**Task goal:** The entries are to be written out word for word, with their images left out.

☆ ☆ ☆ ☆

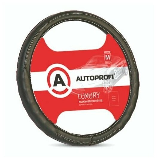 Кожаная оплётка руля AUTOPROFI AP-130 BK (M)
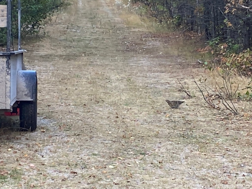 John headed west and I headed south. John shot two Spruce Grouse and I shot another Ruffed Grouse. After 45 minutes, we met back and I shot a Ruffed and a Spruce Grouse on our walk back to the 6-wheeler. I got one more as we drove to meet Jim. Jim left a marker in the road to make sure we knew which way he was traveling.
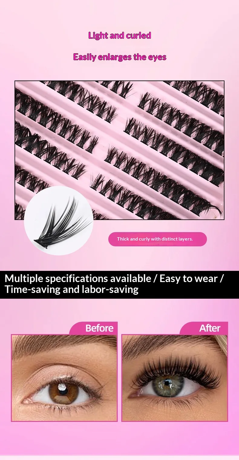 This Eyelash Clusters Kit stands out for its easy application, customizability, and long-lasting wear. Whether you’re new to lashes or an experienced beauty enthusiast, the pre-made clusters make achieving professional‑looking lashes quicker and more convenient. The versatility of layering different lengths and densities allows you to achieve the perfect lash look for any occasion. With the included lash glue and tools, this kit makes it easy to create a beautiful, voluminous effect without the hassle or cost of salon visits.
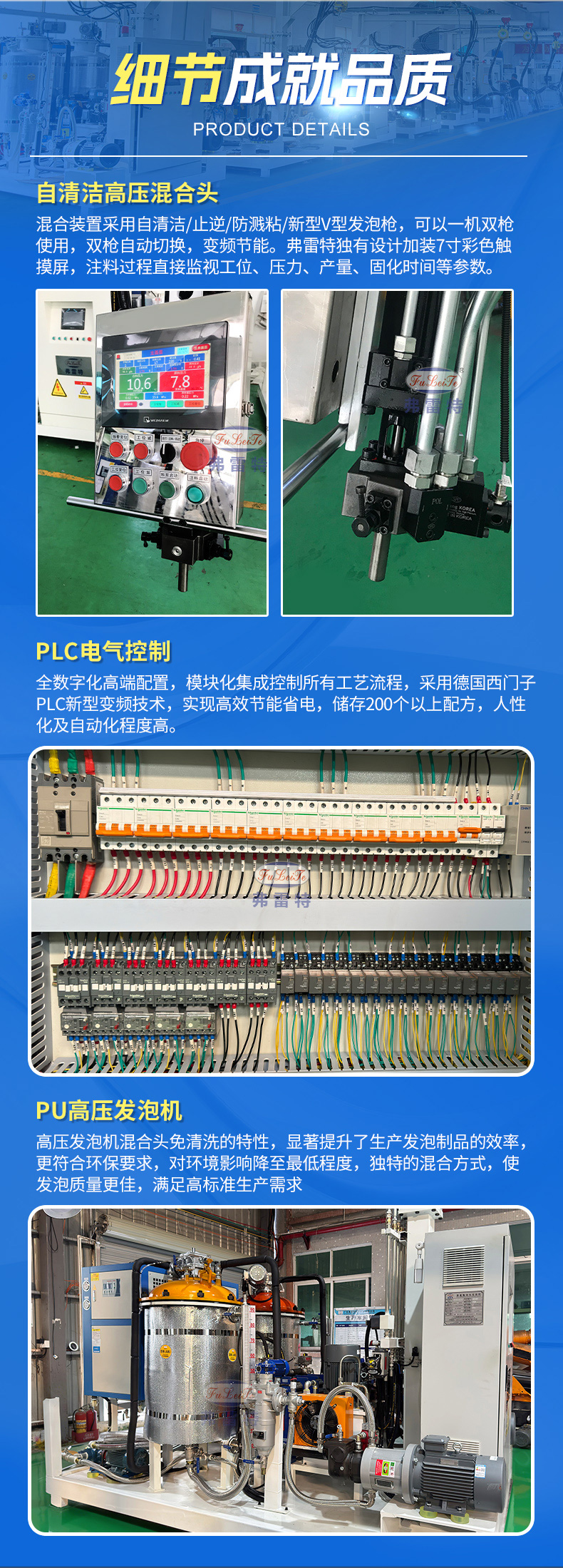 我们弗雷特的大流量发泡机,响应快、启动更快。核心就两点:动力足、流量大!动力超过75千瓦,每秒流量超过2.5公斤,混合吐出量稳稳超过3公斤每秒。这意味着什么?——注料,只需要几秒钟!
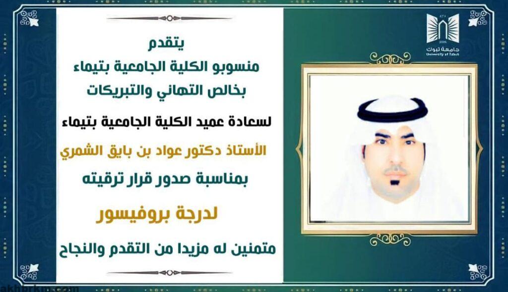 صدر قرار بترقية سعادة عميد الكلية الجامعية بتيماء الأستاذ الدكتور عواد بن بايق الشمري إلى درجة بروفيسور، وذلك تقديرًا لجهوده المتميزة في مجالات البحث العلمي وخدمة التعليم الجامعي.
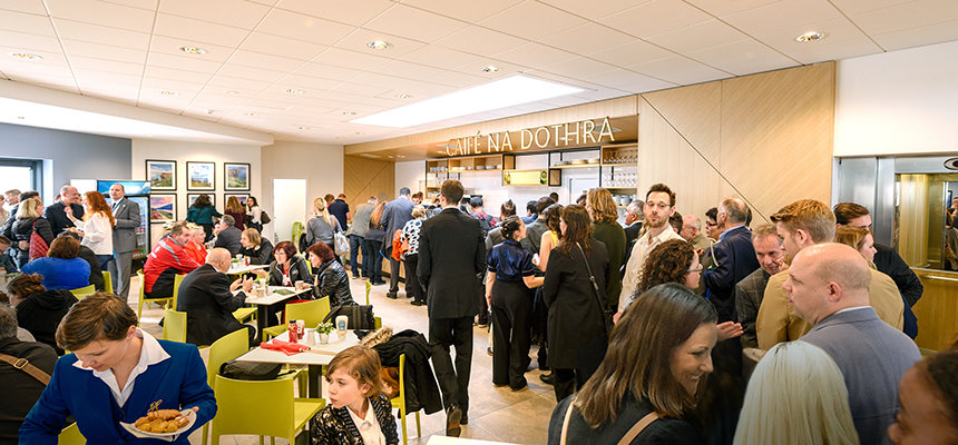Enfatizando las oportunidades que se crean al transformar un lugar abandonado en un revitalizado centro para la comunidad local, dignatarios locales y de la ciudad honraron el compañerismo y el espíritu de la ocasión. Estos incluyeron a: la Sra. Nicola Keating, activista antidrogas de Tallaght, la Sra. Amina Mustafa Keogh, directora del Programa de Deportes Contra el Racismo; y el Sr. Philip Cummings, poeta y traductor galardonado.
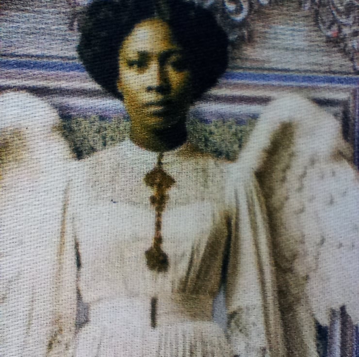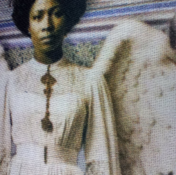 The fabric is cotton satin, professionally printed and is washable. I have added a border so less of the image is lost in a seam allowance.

☆ ☆ ☆ ☆

**Completed task:**
 Кожаная оплётка руля AUTOPROFI AP-130 BK (M)
 John headed west and I headed south. John shot two Spruce Grouse and I shot another Ruffed Grouse. After 45 minutes, we met back and I shot a Ruffed and a Spruce Grouse on our walk back to the 6-wheeler. I got one more as we drove to meet Jim. Jim left a marker in the road to make sure we knew which way he was traveling.
 This Eyelash Clusters Kit stands out for its easy application, customizability, and long-lasting wear. Whether you’re new to lashes or an experienced beauty enthusiast, the pre-made clusters make achieving professional‑looking lashes quicker and more convenient. The versatility of layering different lengths and densities allows you to achieve the perfect lash look for any occasion. With the included lash glue and tools, this kit makes it easy to create a beautiful, voluminous effect without the hassle or cost of salon visits.
 我们弗雷特的大流量发泡机,响应快、启动更快。核心就两点:动力足、流量大!动力超过75千瓦,每秒流量超过2.5公斤,混合吐出量稳稳超过3公斤每秒。这意味着什么?——注料,只需要几秒钟!
 صدر قرار بترقية سعادة عميد الكلية الجامعية بتيماء الأستاذ الدكتور عواد بن بايق الشمري إلى درجة بروفيسور، وذلك تقديرًا لجهوده المتميزة في مجالات البحث العلمي وخدمة التعليم الجامعي.
Enfatizando las oportunidades que se crean al transformar un lugar abandonado en un revitalizado centro para la comunidad local, dignatarios locales y de la ciudad honraron el compañerismo y el espíritu de la ocasión. Estos incluyeron a: la Sra. Nicola Keating, activista antidrogas de Tallaght, la Sra. Amina Mustafa Keogh, directora del Programa de Deportes Contra el Racismo; y el Sr. Philip Cummings, poeta y traductor galardonado.
 The fabric is cotton satin, professionally printed and is washable. I have added a border so less of the image is lost in a seam allowance.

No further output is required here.